(Source information):
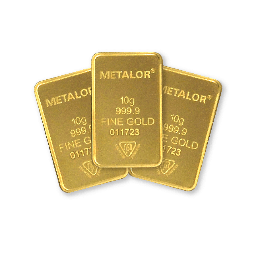 This is a bundle of 3 x brand gold bars, struck in 999.9 fineness 24 carat gold and is minted by Metalor. This bundle offers you a cheaper way to buy three x Metalor 10g Gold Bars.
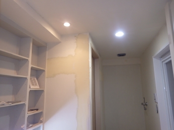 | グレー色のパネルで4面同色にしたので、暗くなるかとお客様が心配されてましたが、3台取り付けられたダウンライトによって全く問題はありませんでした。 |
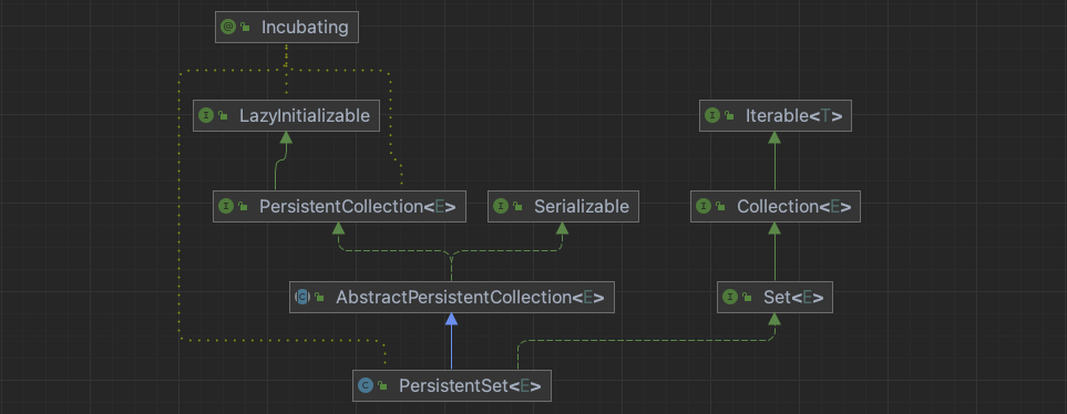 public class PersistentSet<E> extends AbstractPersistentCollection<E> implements Set<E> {
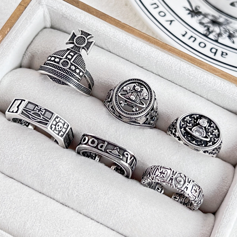 Punk Vintage Distressed Saturn Crown Opening Ring Gearless Hip-Hop Trendy Cool Personality Couple's Finger Ring Accessories
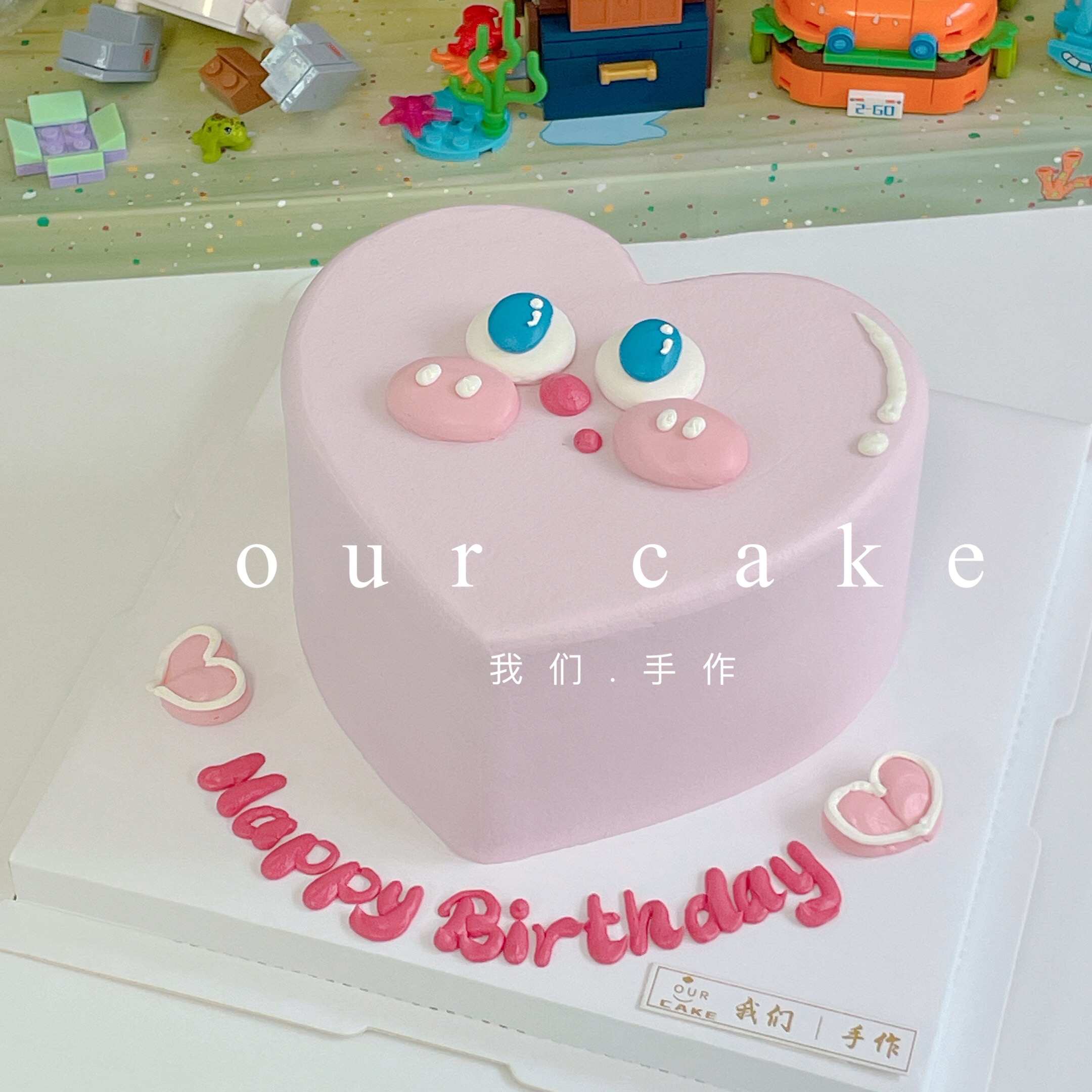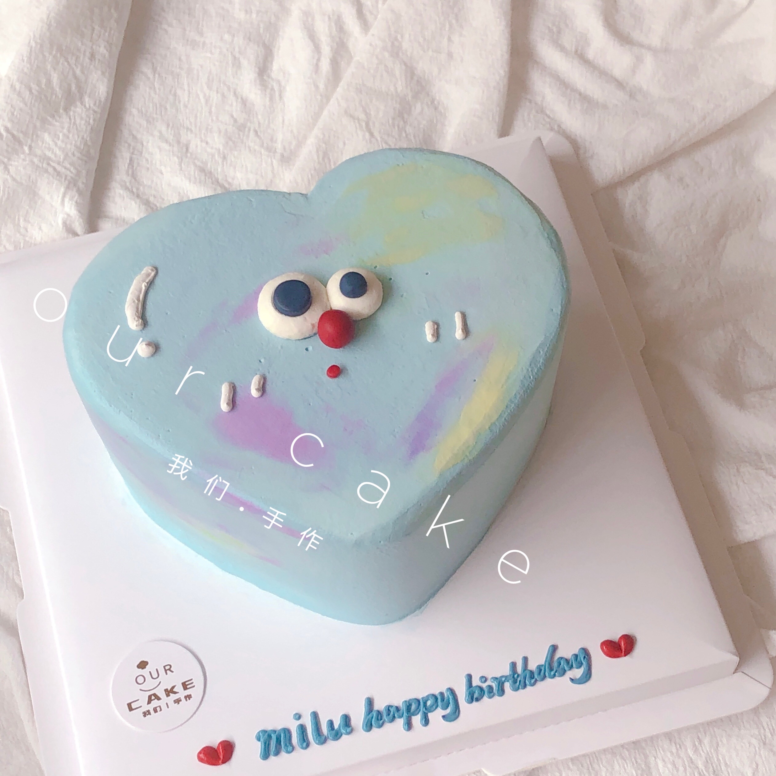 ins风爱心搞怪蛋糕(蓝色粉色两色选择)-低糖处理无添加
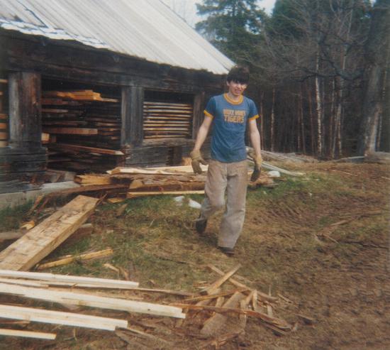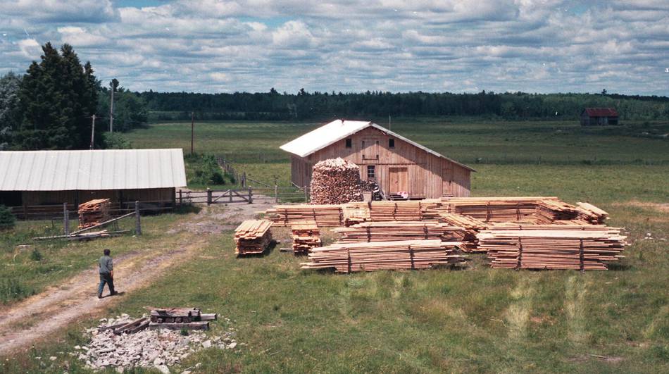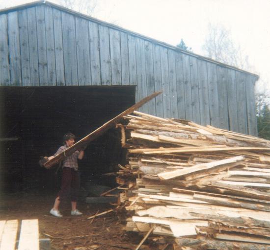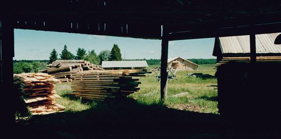 Behind me, one of several buildings we stacked lumber in for air drying.
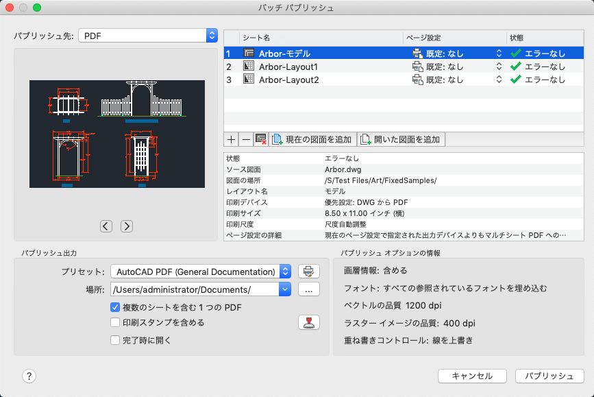 図面セットを PDF ファイルにパブリッシュしたり、ハード コピー出力用にページ設定で指定されているプリンタに送信することができます。
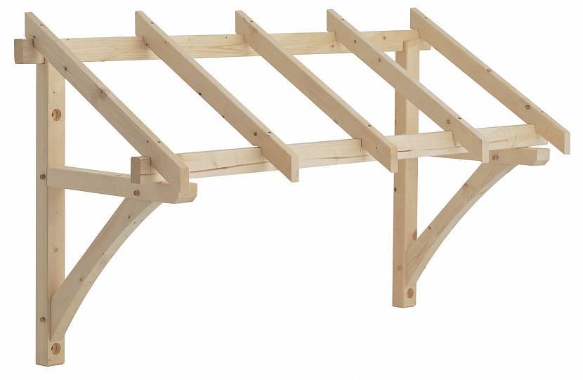 Наиболее простой вид деревянного каркаса для односкатного козырькаИсточник allegroimg.com

(Directions for this task): Using the records above, extract exactly and only the lines from the one with "Punk Vintage Distressed" through the final line, inclusive, leaving out pictures.

(Response box):
 Punk Vintage Distressed Saturn Crown Opening Ring Gearless Hip-Hop Trendy Cool Personality Couple's Finger Ring Accessories
 ins风爱心搞怪蛋糕(蓝色粉色两色选择)-低糖处理无添加
 Behind me, one of several buildings we stacked lumber in for air drying.
 図面セットを PDF ファイルにパブリッシュしたり、ハード コピー出力用にページ設定で指定されているプリンタに送信することができます。
 Наиболее простой вид деревянного каркаса для односкатного козырькаИсточник allegroimg.com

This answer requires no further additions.